Dal 1806 al 1832 la presenza araba nella città è stata maggioritaria, con una predominanza musulmana nel 1817, 3,000-4,000 ebrei contro 13,000 arabi, e nel 1832, 4,000 ebrei contro 13,000 arabi. Mentre nel periodo che va dal 1838 al 1876, vi fu una maggioranza relativa ebraica che diventò predominante nel periodo che va dal 1882 al 1905 con picchi nel 1885 di 15,000 ebrei contro 6,000 arabi, e nel 1896 di 28, 122 ebrei contro 8,556 arabi. 

Nel 1922 la predominanza ebraica a Gerusalemme era considerevole, con 33,971 ebrei contro 13,413 musulmani, schiacciante nel 1931 con 51,200 ebrei contro 19,900 musulmani. Nel 1967, quando Israele conquistò alla Giordania, Gerusalemme Est, la presenza ebraica era considerevolmente maggiore rispetto a quella attuale, 195,700 ebrei contro 54,963 musulmani. I dati del 2016 ci riportano una presenza ebraica assai inferiore rispetto a quella di allora con 524,700 ebrei contro 307,300 musulmani. Dunque, se si tratta di usare categorie come “ebraicizzazione” e “de-arabizzazione”, bisogna dire che essa, ad oggi, rispetto a specifici periodi del passato, è percentualmente diminuita. 
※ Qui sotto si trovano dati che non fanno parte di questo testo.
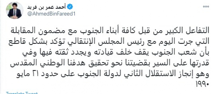 وقال في تغريدة عبر "تويتر" رصدها "المشهد العربي": "التفاعل الكبير من قبل كافة أبناء الجنوب مع مضمون المقابلة التي جرت مع رئيس المجلس الانتقالي تؤكد بشكل قاطع بأن شعب الجنوب يقف خلف قيادته ويجدد ثقته فيها وفي قدرتها على السير بقضيتنا نحو تحقيق هدفنا الوطني المقدس وهو إنجاز الاستقلال الثاني لدولة الجنوب على حدود 21 مايو 1990".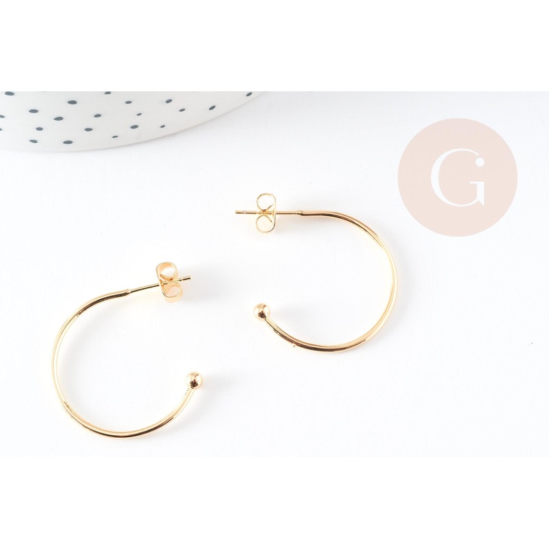 a set of 2 half-creole stud earrings in 18K gold-plated brass to create your own earrings. To personalize in a few minutes with pearls, seed beads etc... Diameter: 28mm Width: 26mm Thickness 3mm Shank: 0.7mm Suggestion of presentation, non-contractual phot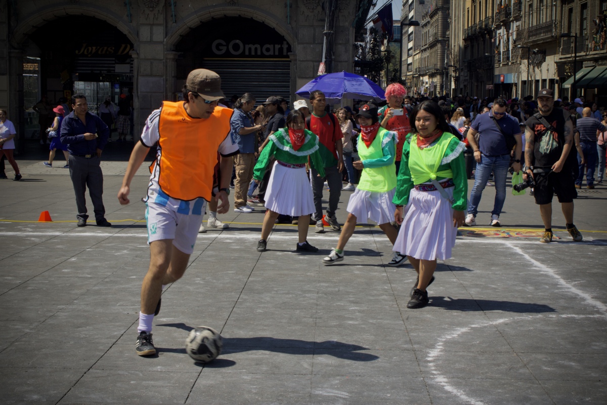 Como parte de la jornada, en el Zócalo iniciaron las “Retas por Samir: fútbol popular vs la FIFA”, una acción simbólica que convirtió el balón en herramienta de denuncia.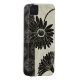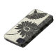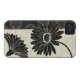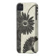 © Daphne Brissonnet / Wild Apple. Three flowers in full bloom, in black and white. The image has a floral patterned background in an off white shade and black on the left side.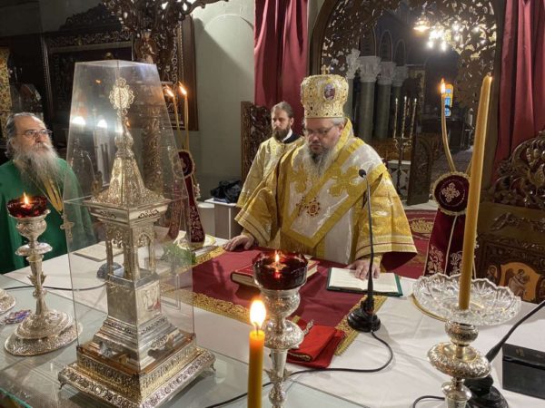 Στον Ιερό Ναό Αγίων Κωνσταντίνου και Ελένης Λαρίσης, κεκλεισμένων των θυρών, λειτούργησε ο Σεβασμιώτατος Μητροπολίτης Λαρίσης και Τυρνάβου κ. Ιερώνυμος, σήμερα, Κυριακή 15 Νοεμβρίου.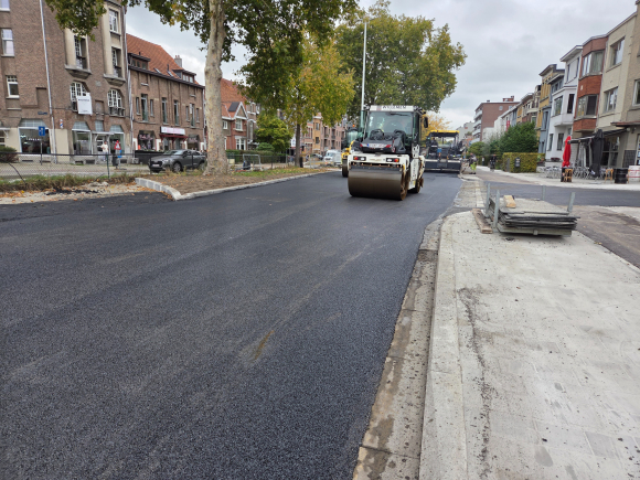 Walsen van toplaag asfalt ter hoogte van de Prins Leopoldlei. © AWV |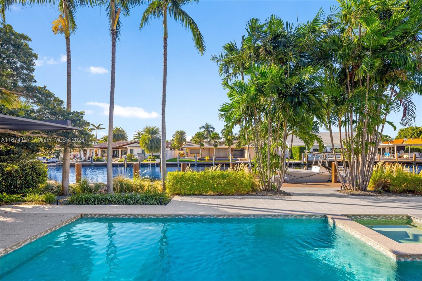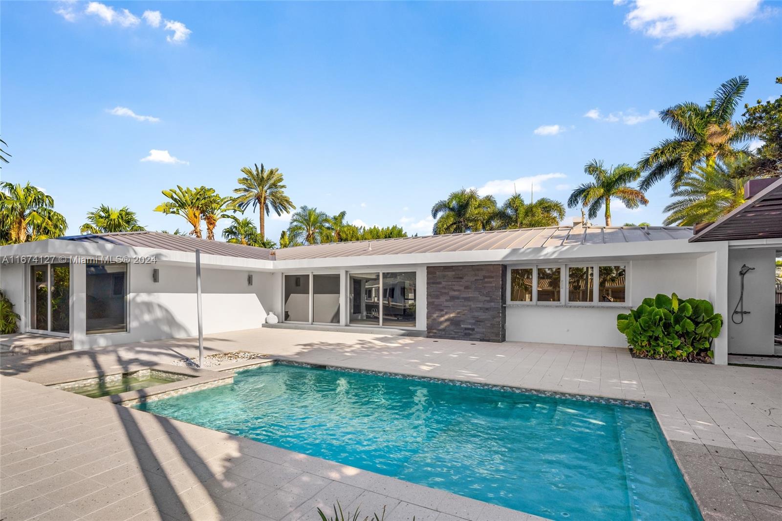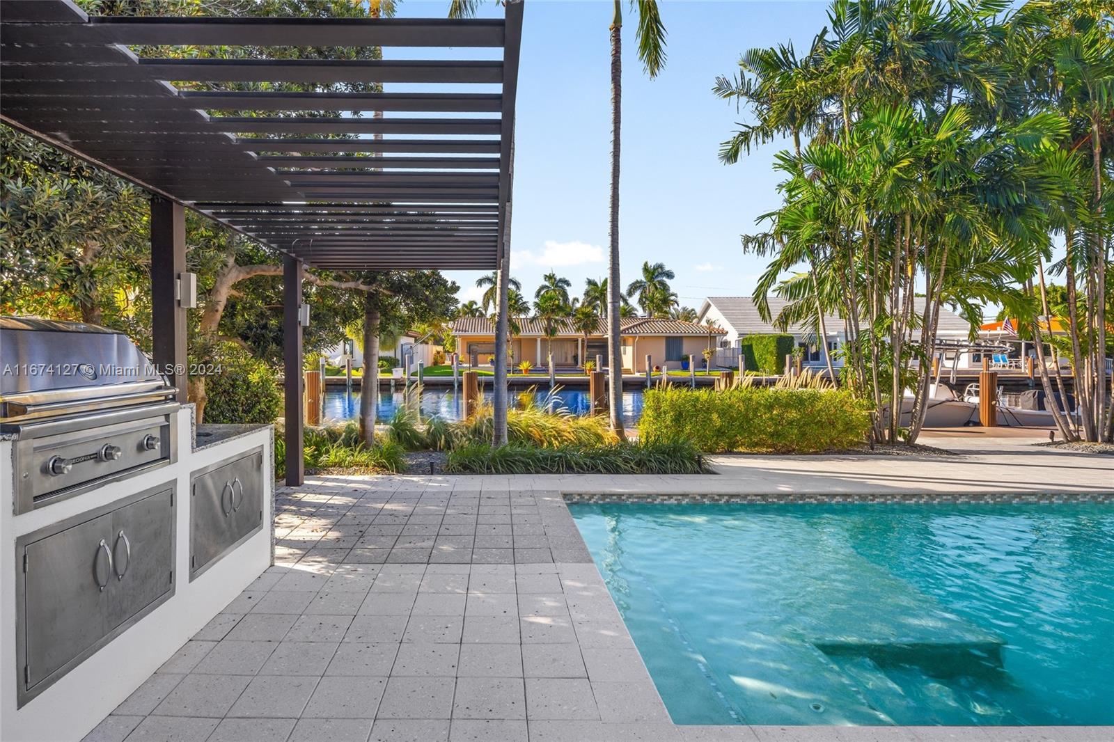 Welcome to a beautifully crafted modern home that features 3 bedrooms and a versatile den/office, offering an impressive 2,580 sqft. of living space. Located in the esteemed Landings community, this residence is just moments away from shopping, vibrant nightlife, and a variety of dining experiences. With 90 feet of stunning waterfront, this exceptional property provides direct access to the ocean without any fixed bridges. The kitchen is equipped with premium Jenn Air appliances, while energy-efficient LED lighting throughout enhances the home’s contemporary and inviting feel. Step outside to your personal retreat, complete with a heated saltwater pool and spa, perfect for relaxation and entertaining. Embrace the lively coastal lifestyle and make this sanctuary of modern elegance your own.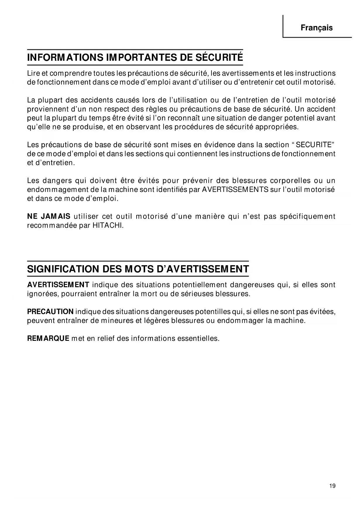 Lire et comprendre toutes les précautions de sécurité, les avertissements et les instructions de fonctionnement dans ce mode d’emploi avant d’utiliser ou d’entretenir cet outil motorisé. La plupart des accidents causés lors de l’utilisation ou de l’entretien de l’outil motorisé proviennent d’un non respect des règles ou précautions de base de sécurité. Un accident peut la plupart du temps être évité si l’on reconnaît une situation de danger potentiel avant qu’elle ne se produise, et en observant les procédures de sécurité appropriées. Les précautions de base de sécurité sont mises en évidence dans la section “SECURITE” de ce mode d’emploi et dans les sections qui contiennent les instructions de fonctionnement et d’entretien. Les dangers qui doivent être évités pour prévenir des blessures corporelles ou un endommagement de la machine sont identifiés par AVERTISSEMENTS sur l’outil motorisé et dans ce mode d’emploi. NE JAMAIS utiliser cet outil motorisé d’une manière qui n’est pas spécifiquement recommandée par HITACHI.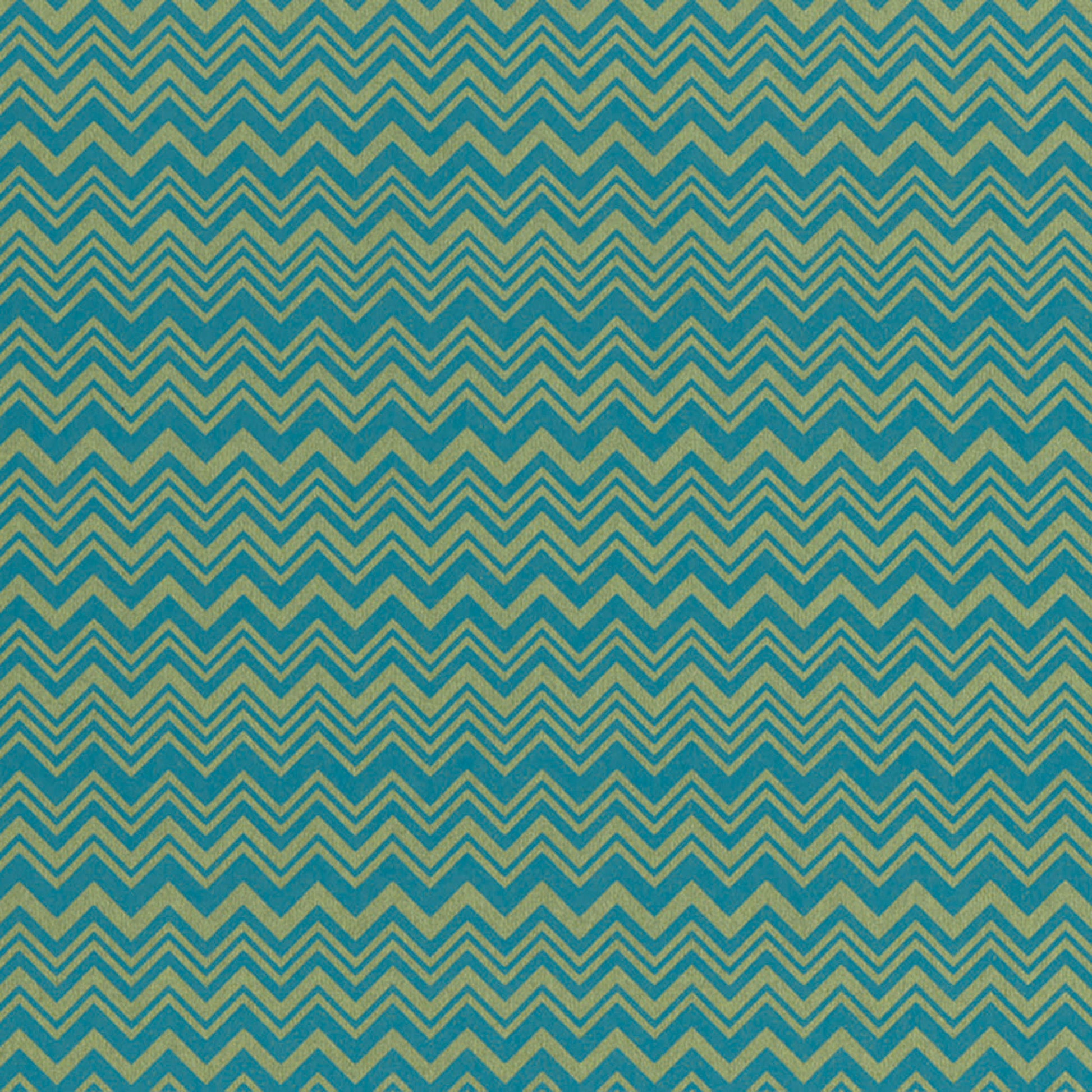 Use:A Missoni Home small chevron design wallpaper with alternating colors of teal green and metallic navy blue coloration.

Chiodelli altresì omette che la tradizione porta gli arabi a distribuirsi nelle loro città divisi per tribù; se vale tra di loro, a maggior ragione questa tradizione vale, nella maggior parte dei casi, anche nei rapporti con gli ebrei. Ciò nondimeno appare fuori luogo scrivere che i nuovi quartieri che sorgono a Gerusalemme est sono “destinati esclusivamente alla popolazione ebraica”; in Israele esistono leggi democratiche ben precise, a differenza di quanto avviene in tutti i territori arabi, e, se nei territori è gravissimo reato vendere una casa ad un ebreo, a Gerusalemme un arabo può scegliere di abitare dove preferisce. 

“Da un lato la “ebraizzazione” di Gerusalemme, dunque, dall’altro la sua “de-arabizzazione”, secondo un duplice processo già descritto da Oren Yiftachel, professore israeliano di geografia politica all’Università Ben Gurion del Negev. All’indomani della conquista militare del ’67, la priorità delle autorità israeliane divenne la materializzazione di quella conquista. Ebbe così inizio una azione a bassa intensità, fatta a colpi di interventi urbani, il cui scopo fondamentale era materializzare la conquista di Gerusalemme Est. L’imperativo, soprattutto negli anni ’70 e ’80, era costruire il più velocemente possibile, occupare con il cemento israeliano le terre che via via venivano espropriate ai palestinesi”.

Come si sia riusciti a conquistare Gerusalemme Est con percentuali decrescenti di ebrei residenti rispetto ai musulmani, anche se i primi, attualmente in maggioranza, resta un mistero, ma è di sicuro effetto suggestivo affermarlo, soprattutto con frasi costruite con mattoncini ideologici ben compatti, come l’ultima del paragrafo in oggetto, in cui l’esproprio è suggestivamente legato al “cemento israeliano”.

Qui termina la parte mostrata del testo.